How do Routers Determine where a Packet needs to go?

Almost any time you access the Internet, a router is at work somewhere behind the scenes. Routers are networking devices that manage data and direct traffic to specific destinations. They do this by inspecting header information on packets travelling through them and determining where they need to go next.

How do routers determine where a packet needs to go? There are many ways routers determine where network traffic needs to go. There are different ways in which the functions of a router can be implemented. It depends on your use case. A software based solution is lighter weight but comes with less operational visibility. If you’re looking for something more robust, hardware based solutions may be more fitting.

If you’ve ever wondered how a router figures out where to send your data, you’ve come to the right place. Read the full article because here we are going to discuss how do routers determine the best path.

How Do Routers Determine the Best Path

The routing table is used to determine the best path. The routing table maps IP addresses to specific ports on the router. An IP address may be mapped to a port that is used for WAN or LAN connections.

The routing table may also have a default port number that means the IP address is not mapped to a specific port number. The routing table may also have a port number that is used to send packets to other routers.

The IP addresses that are not mapped to a specific port number are said to be directly managed by the router. The routing table will also have a metric to determine which is the best path. The routing table will have the current path as the best path.

The router will then try to find another path that has a better metric. It may also send a copy of the packet out of the current path. The router may do this when the new path has less bandwidth and the router needs to send a copy of the packet out of the current path to keep the new path from getting congested.

Checking the Destination IP

The first thing that a router does is to check the destination IP. The router’s job is to determine the best path for each IP packet. The router employs a routing table that maps IP addresses to the best path to reach those IP addresses.

The routing table is managed by the router’s operating system and is used to determine the best path by checking the Destination IP address.

Looking At the Network Layer Protocol

The router will now look at the layer 3 header information in the packet. The router first determines if the packet is TCP or UDP. The router then reads the source and destination TCP or UDP ports. TCP and UDP have source and destination ports.

By reading the source and destination ports, the router determines if the TCP or UDP packet is going to or coming from a specific application. The router then looks for a connection state table that matches a TCP or UDP port to a specific application.

If a connection state table is found, the router will use that connection state table to determine where the packet needs to go next. This is called routing based on application layer information.

Checking the MAC Address

The next thing that a router would do is to check the MAC address.

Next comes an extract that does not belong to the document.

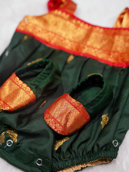 Bottle Green & Gold Kanchipuram Silk Romper Set

The router would use the ARP table to determine how to reach the IP address that the packet’s destination MAC address is mapped to. The ARP table maps IP addresses to MAC addresses.

Once the router finds the IP address in the ARP table, the router would then look in the routing table to determine where the packet needs to go next.

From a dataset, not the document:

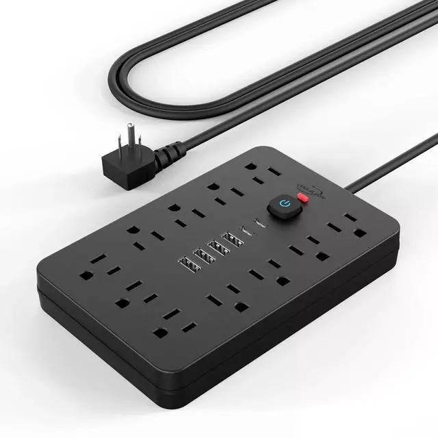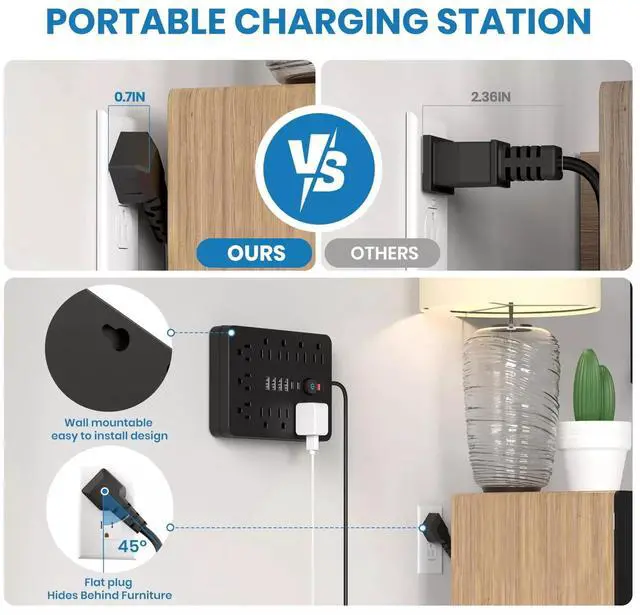 Flat Extension Cord: With a slim 0.7 -inch flat head design, this power strip can easily fit into tight spaces, such as behind sofas and beds. The 45° angled design ensures that bottom plugs are not blocked, and the 5-foot heavy-duty extension cord offers superior current-carrying capacity

Another scenario would be that the router may not see the IP address in the ARP table. In this scenario, the router would send a broadcast out to the local network and have the host with the MAC address in the packet’s destination MAC address reply back with the IP address that is mapped to that MAC address.

The router then would add the IP address to the ARP table and then look in the routing table to determine where the packet needs to go next.

Looking at the Local Network Info

The router will then look at the local network information. The router may have an IP address or subnet mask mapping to the local network. The router would then check to see if the source IP address is mapped to the local network.

If the source IP address is not mapped to the local network, the router would then check if the source IP address is directly managed by the router. If it is not, the router would drop the packet. If it is, the router would forward the packet.

If the source IP address is mapped to the local network, the router would also forward the packet. The router would send the packet out on the port that is mapped to the local network.

Default Gateways

If the IP address is directly managed by the router and is not a local network IP address, the router would then check if there is a default gateway. The router would add the default gateway to the routing table and use it to determine where the packet needs to go next.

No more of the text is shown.